Album Review: Washerman / ‘Raw Poetry’ (Drumpoet Community)

Washerman Raw Poetry

★★★★☆

Silky smooth house. Purity. NYC and Chicago blooms in its family tree. Gianni Siravo’s prose expresses a love for deep, beefy beats that have probably never heard of EDM. This is a declaration of war on all dancefloor suckers with a hot-stepping sequence of time honored hustles.

Of filtered stabs, uptown swing and on “Superstring” and “Sneaker Girlz,” piano melodies that can in no way ever be retired, the engineering of a to-the-break-of-dawn vibe barely yields so much as a clearing of a vocalist’s throat – raw poetry indeed. Siravo’s playbook is full of foolproof strategies: check the metallic bump of “Siren Chords”, “Distant Planet” as a little dubbier and techier, the coloured skies of ambient forecaster “Belts of Orion”, and the Robin S bass of “Celestial Spheres.” Presumably when hitting the DJ booth Washerman brings both headphones and a clipboard.

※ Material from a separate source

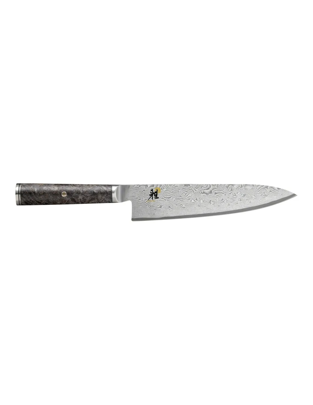 Este cuchillo chef japonés, también conocido como GYUTOH de la MIYABI 5000MCD 67 es un ejemplo impresionante de la mejor artesanía japonesa. Esta hoja tiene un patrón de albaricoque único y se produce con 133 capas delgadas, que implican un núcleo de lámina de acero en polvo MC66 de microcarburo. La hoja se somete a un proceso de endurecimiento especial durante su producción para dar una dureza de 66 Rockwell.
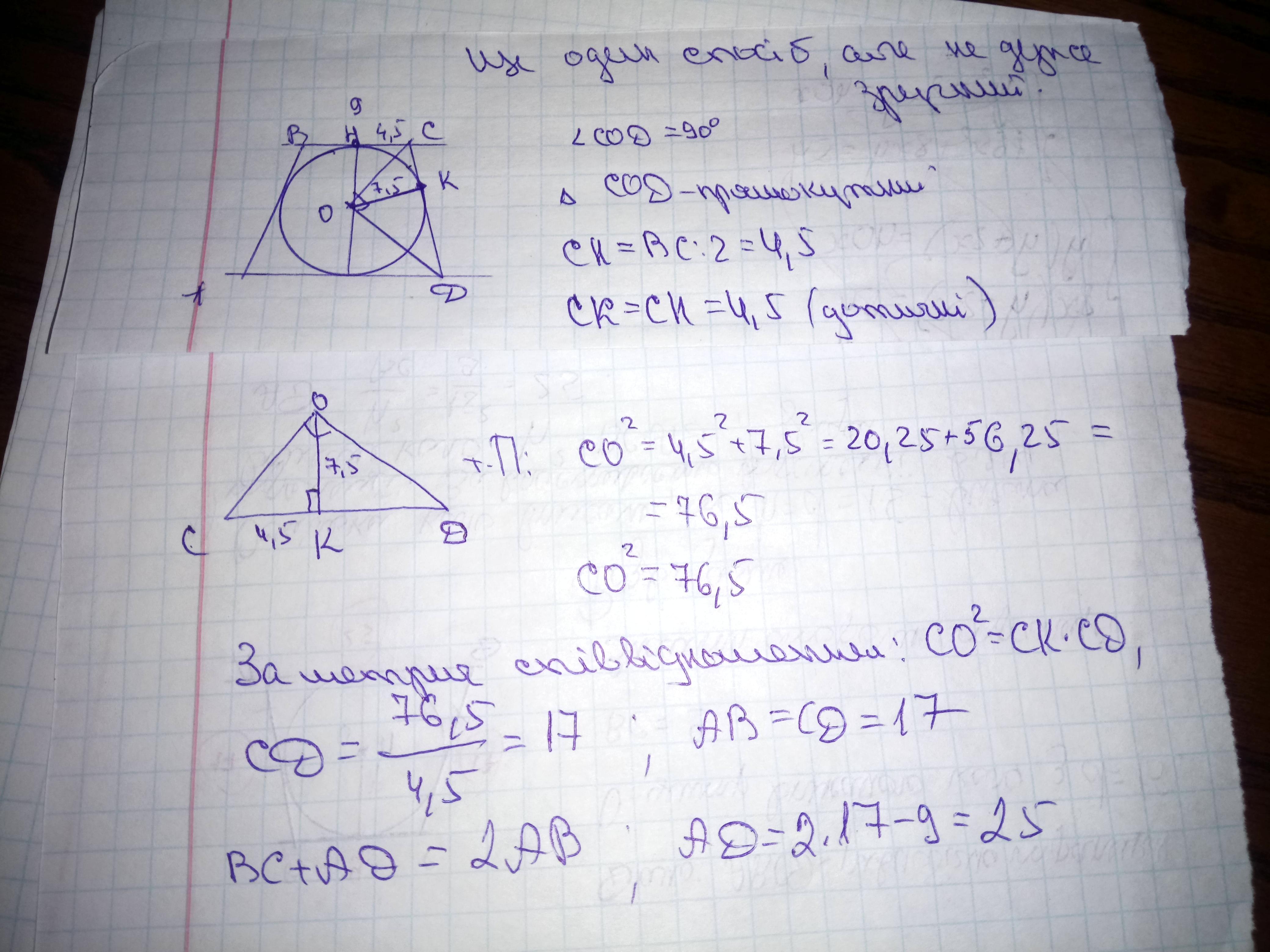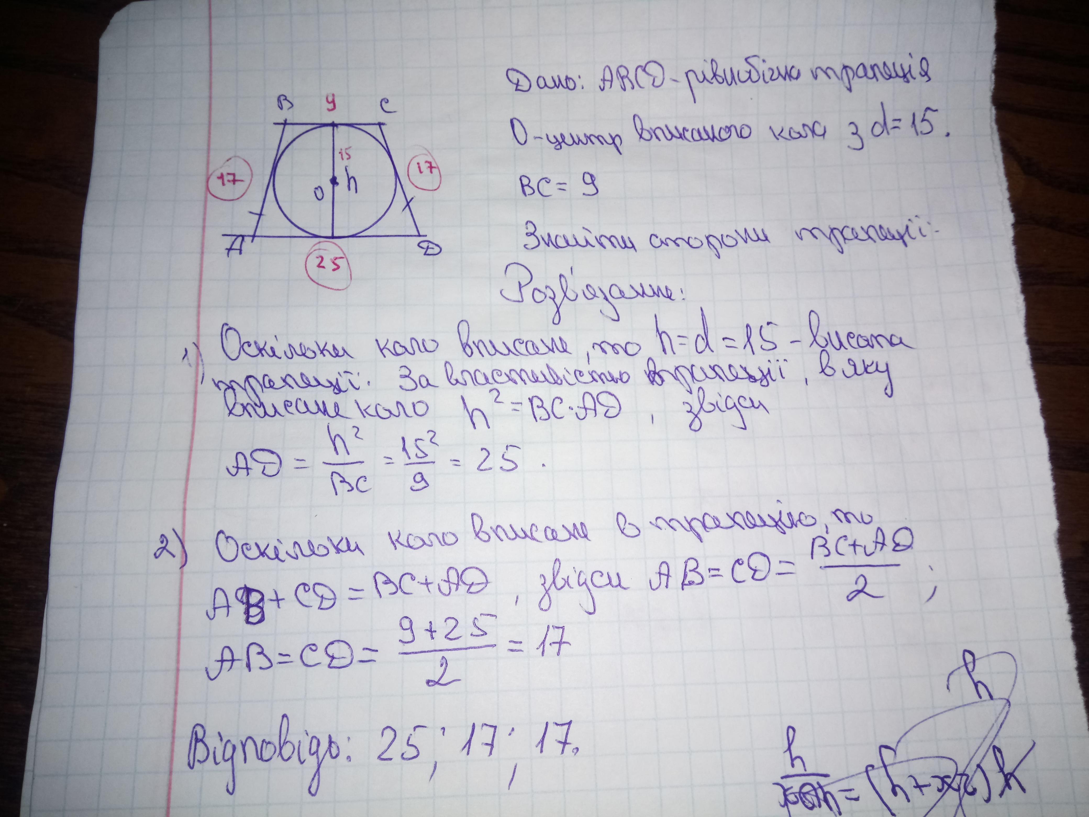 Діаметр кола вписаного в рівнобічну трапецію 15. А менша основа трапеції 9. Знайти сторони трапеції

A record solely concerned with restoring traditional values forces imagination and innovation into a weirdly negative playing of second fiddle (though perhaps in part to a self-imposed containment of equipment and technology). It sounds ‘right,’ yet the clubbing becomes hard to describe in terms other than dutiful. The reality is an album that rarely lets you down. Fluid to the max, Washerman has the stamina to go on and on, meaning if you’re buying out the bar or have new dancing shoes you wanna show off to everyone, he’s with you every step of the way.